--- Task objective ---
Using the listing below, copy exactly each line from the one that has "Портрет молодой взрослой" through the one that has "At the far left, and"; omit the pictures.
Listed records Start Marker
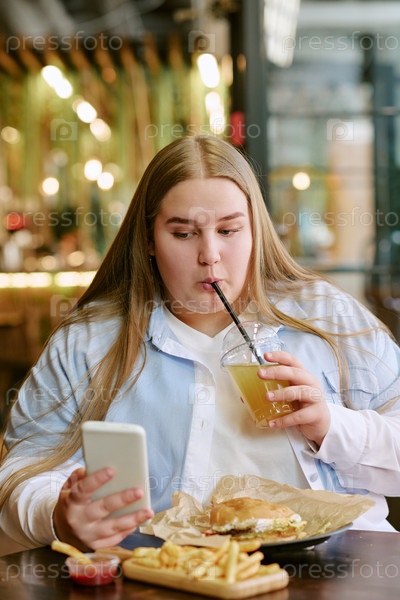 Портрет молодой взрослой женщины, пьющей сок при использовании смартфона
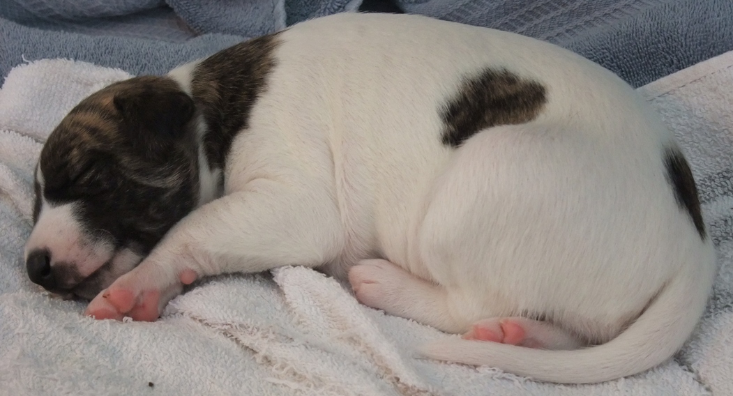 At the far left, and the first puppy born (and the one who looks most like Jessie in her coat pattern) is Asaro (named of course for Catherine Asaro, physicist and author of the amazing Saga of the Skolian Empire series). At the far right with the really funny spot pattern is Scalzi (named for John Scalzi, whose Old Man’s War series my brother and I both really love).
Listed records End Marker
Listed records Start Marker
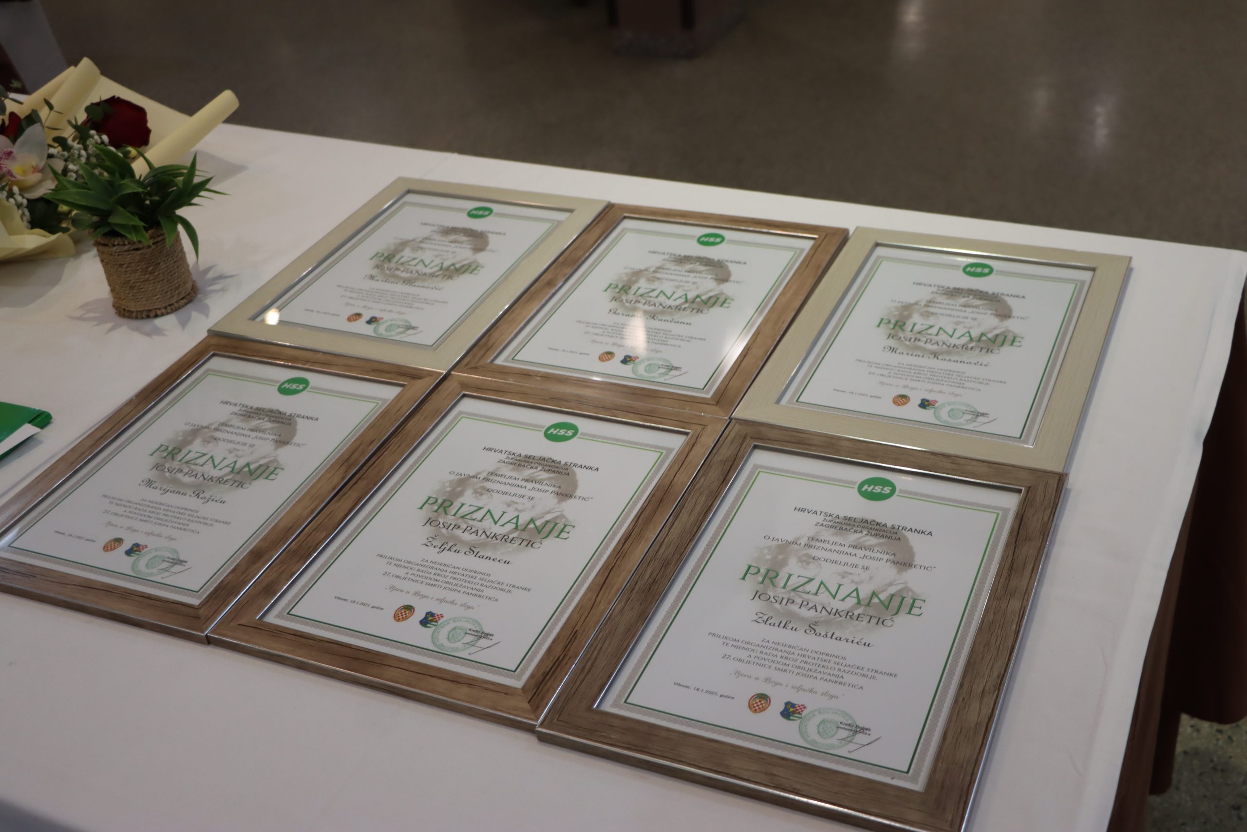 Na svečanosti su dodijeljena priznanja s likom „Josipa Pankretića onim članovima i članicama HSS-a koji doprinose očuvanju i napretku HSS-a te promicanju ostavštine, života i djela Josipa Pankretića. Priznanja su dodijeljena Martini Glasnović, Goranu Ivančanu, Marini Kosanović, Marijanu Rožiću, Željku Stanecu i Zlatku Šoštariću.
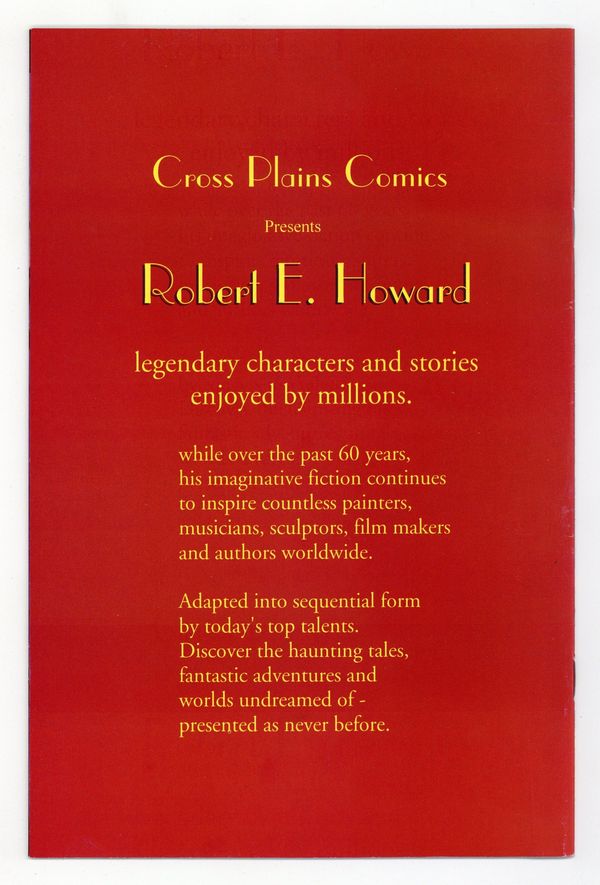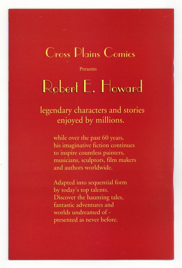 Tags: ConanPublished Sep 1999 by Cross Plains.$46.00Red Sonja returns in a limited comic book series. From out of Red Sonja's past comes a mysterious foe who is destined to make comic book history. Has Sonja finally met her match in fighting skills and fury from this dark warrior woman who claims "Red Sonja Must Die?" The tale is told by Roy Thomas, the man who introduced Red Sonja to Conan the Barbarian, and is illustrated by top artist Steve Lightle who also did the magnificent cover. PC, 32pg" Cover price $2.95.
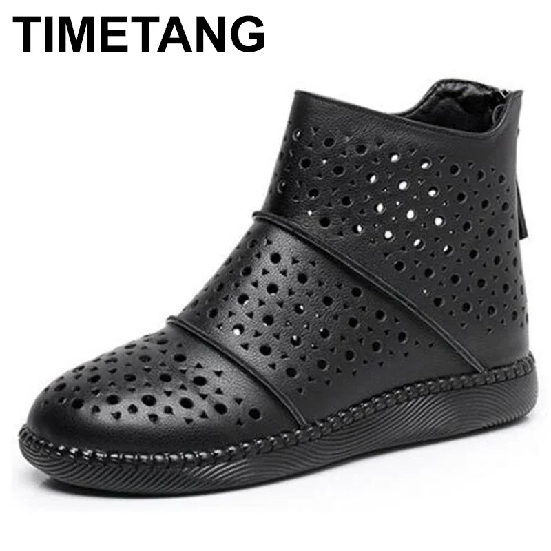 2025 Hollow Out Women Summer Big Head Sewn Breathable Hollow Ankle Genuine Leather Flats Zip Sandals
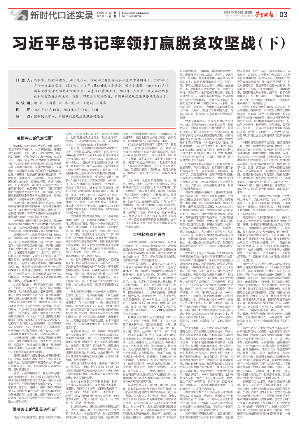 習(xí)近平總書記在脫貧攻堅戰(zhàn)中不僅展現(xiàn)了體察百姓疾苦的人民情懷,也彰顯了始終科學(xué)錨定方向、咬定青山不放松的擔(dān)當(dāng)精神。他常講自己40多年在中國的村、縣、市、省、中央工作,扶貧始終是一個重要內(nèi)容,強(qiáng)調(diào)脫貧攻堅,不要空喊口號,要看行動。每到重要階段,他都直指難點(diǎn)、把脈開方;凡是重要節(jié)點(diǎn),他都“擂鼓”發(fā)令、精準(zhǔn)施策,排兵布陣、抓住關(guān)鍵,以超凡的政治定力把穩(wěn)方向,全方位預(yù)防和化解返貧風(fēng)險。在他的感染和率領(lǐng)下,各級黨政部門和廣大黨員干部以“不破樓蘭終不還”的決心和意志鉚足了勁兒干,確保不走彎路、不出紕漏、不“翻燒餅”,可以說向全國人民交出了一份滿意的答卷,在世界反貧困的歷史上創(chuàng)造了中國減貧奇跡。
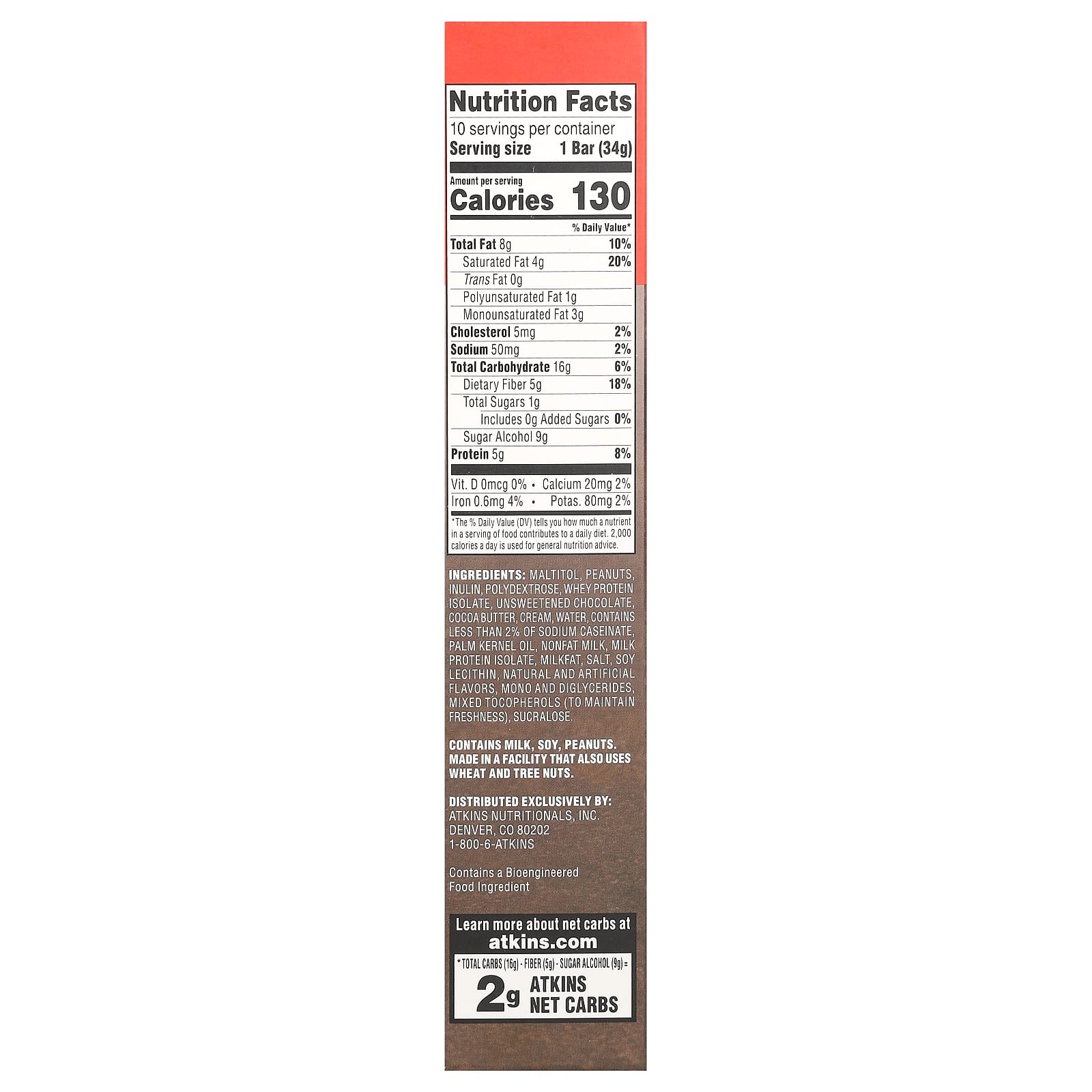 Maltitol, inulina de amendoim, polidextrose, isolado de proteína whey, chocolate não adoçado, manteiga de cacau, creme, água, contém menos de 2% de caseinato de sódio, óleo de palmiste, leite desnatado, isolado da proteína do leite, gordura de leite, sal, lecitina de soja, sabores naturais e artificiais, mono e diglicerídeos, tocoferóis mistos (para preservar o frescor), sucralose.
Listed records End Marker
--- Result ---
 Портрет молодой взрослой женщины, пьющей сок при использовании смартфона
 At the far left, and the first puppy born (and the one who looks most like Jessie in her coat pattern) is Asaro (named of course for Catherine Asaro, physicist and author of the amazing Saga of the Skolian Empire series). At the far right with the really funny spot pattern is Scalzi (named for John Scalzi, whose Old Man’s War series my brother and I both really love).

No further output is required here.